Fatwa keharaman merayakan Hari Valentine ini biasanya tersebar begitu saja melalui broadcast whatsapp dan akun-akun dakwah di media sosial lainnya. Dalam broadcast yang tersebar, fatwa tersebut biasanya dilanjutkan atau didahului dengan sejarah valentine itu sendiri, yang tentu saja tidak dicantumkan sumbernya. Komponen lain yang biasanya ada dalam konten tersebut adalah bahaya-bahaya yang mungkin terjadi jika anak-anak remaja merayakannya, seperti seks bebas dan konsumsi alkohol.
Baca juga: Dilan dan Milea Membincang Valentine Haram
Broadcast atau konten seperti itu bisa jadi didasari oleh fatwa yang benar dan sejarah yang juga benar. Tapi berapa banyak di antara pembaca yang mau melakukan cross-check tentang isi dari konten yang mereka terima dan baca? Jika tidak banyak, siapa yang bisa memastikan apakah konten tersebut berisi fakta-fakta yang saling berhubungan atau hanya sekumpulan premis yang kemudian ditarik kesimpulannya secara serampangan?
Faktanya, beberapa umat kristiani juga menolak perayaan Hari Valentine ini, dengan alasan bahwa ini merupakan perayaan kaum pagan sebelum hadirnya Kristen. Dan masih banyak fakta lain yang jika kita mau menelisik lebih dalam.

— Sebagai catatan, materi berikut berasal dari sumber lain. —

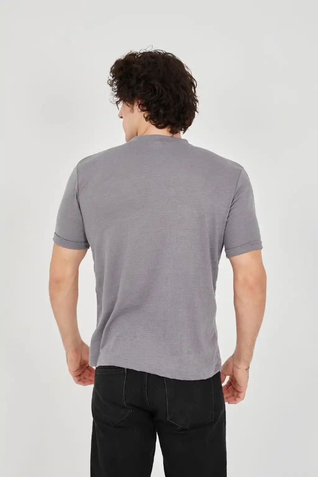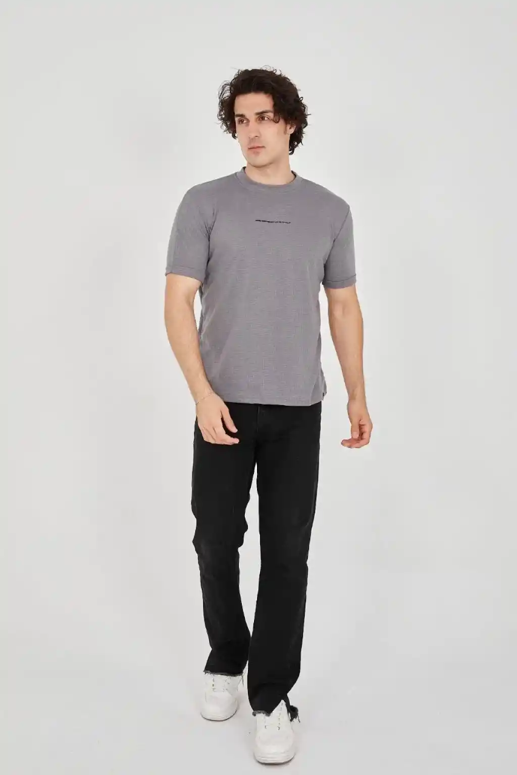 Unisex Jakar Kumaş Slim Fit T-Shirt - Boyalı Gri
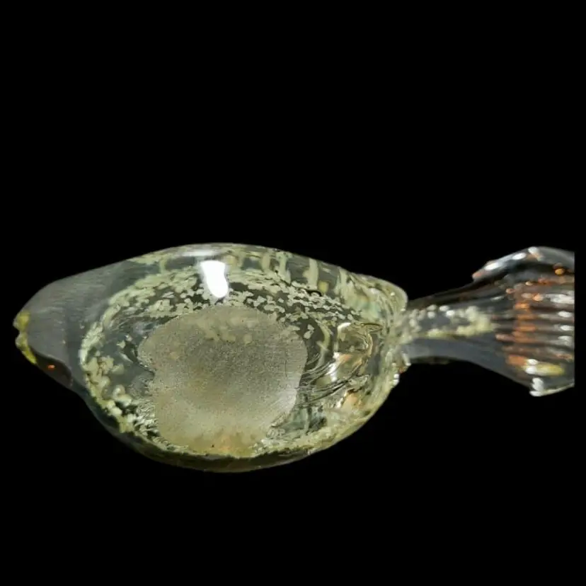 • Made of durable glass with intricate detailing • Features a luminous glow under black light • Elegant design with unique speckled accents • Perfect for display or collection
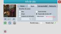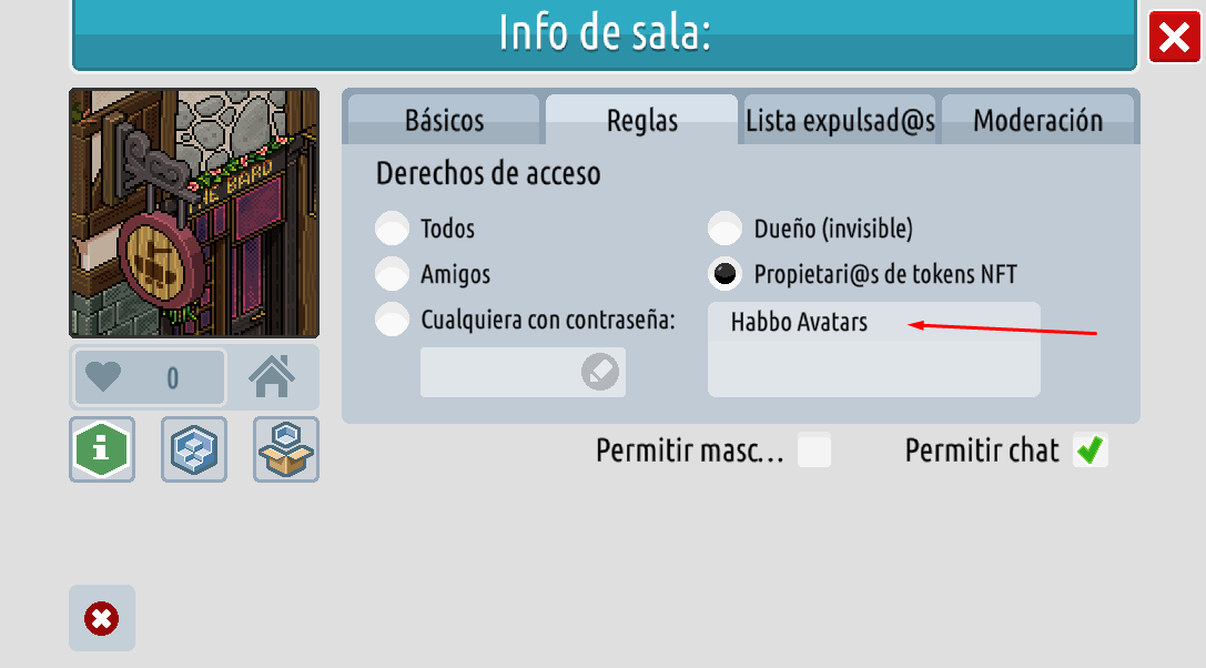 Entra a tu sala y haz clic en el botón verde »Info de sala» y luego en el botón del engranaje o de la rueda dentada »Ajustes». En la pestaña de »Reglas» hay un nuevo apartado llamado »NFT Token Holders» en el que podrás decidir qué usuarios pueden acceder a tu sala en función de los NFT que poseen. Podrás elegir entre las colecciones NFT: Metakey, Cyberkongz, MetaverseHQ y Habbo Avatars.
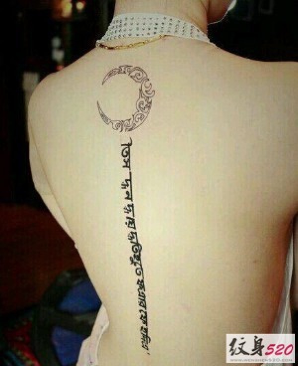 女生背部长条梵文纹身
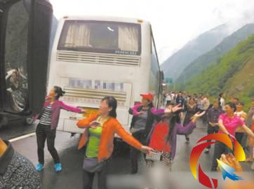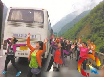 “我車上有49名乘客,都是60歲以上的老人,本來要從都江堰到紅原去。結果前面出現事故,堵車了。”左師傅回憶,自己從后視鏡看到有人在跳舞,還很奇怪,“車上的人也都下去圍觀了。圖里面站在后面的一群老人,就是我的乘客。”
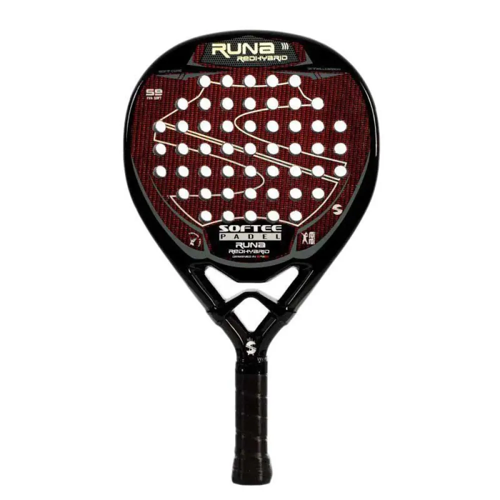La Runa Red Hybrid è l´altra racchetta della linea Runa. Si distingue per la sua forma ibrida e il ponte moderno, così come per la sua composizione in carbonio 3K. Queste caratteristiche favoriscono un´ottima uscita della palla e una grande manovrabilità. È una racchetta perfetta per i giocatori che cercano un equilibrio tra potenza e controllo.

Begini saja. Jika perayaan dalam Islam hanya Idul Fitri dan Idul Adha, maka merayakan tahun baru hijriyah pun tidak diperkenankan. Sekalipun dirayakan dengan cara yang barangkali sangat islami, seperti doa bersama. Begitu pula, memandang bahwa menampakkan kegembiraan dan membantu perayaan selain dalam Islam juga sangat dangkal. Dalam realitasnya, orang-orang yang menjadi mualaf, tentu akan membantu, atau setidaknya ikut berkumpul bersama keluarga dan turut berbahagia saat ada perayaan agama keluarga mereka, seperti Hari Natal bagi umat Kristiani dan Katolik.
Lalu bagaimana dengan Hari Valentine? Hukum haram mutlak perayaan Hari Valentine dalam berbagai broadcast whatsapp atau konten akun-akun dakwah ini membuat banyak orang takut.
Padahal, ketakutan bahwa anak-anak mereka akan terjerumus dalam seks bebas dan konsumsi alkohol tidak ada hubungannya dengan perayaan ini. Bukankah saat ini banyak anak-anak yang jatuh dalam lubang seks bebas dan konsumsi alkohol, yang sesungguhnya tak ada hubungannya dengan perayaan yang lekat dengan bunga dan cokelat ini?
Ketakutan yang disebarkan dalam broadcast whatsapp atau konten akun-akun dakwah seperti ini sesungguhnya agak berlebihan. Ketakutan bahwa anak-anak remaja mereka akan terjatuh dalam hal-hal negatif merupakan ketakutan semua orang tua, dengan atau tanpa adanya perayaan Hari Valentine.
Orang tua yang mampu memberikan pengawasan dan kasih sayang tanpa syarat pada anak-anak remaja mereka, sesungguhnya tak perlu terlalu khawatir bahwa anak-anak mereka akan mencari bentuk kasih sayang lain yang salah. Begitu.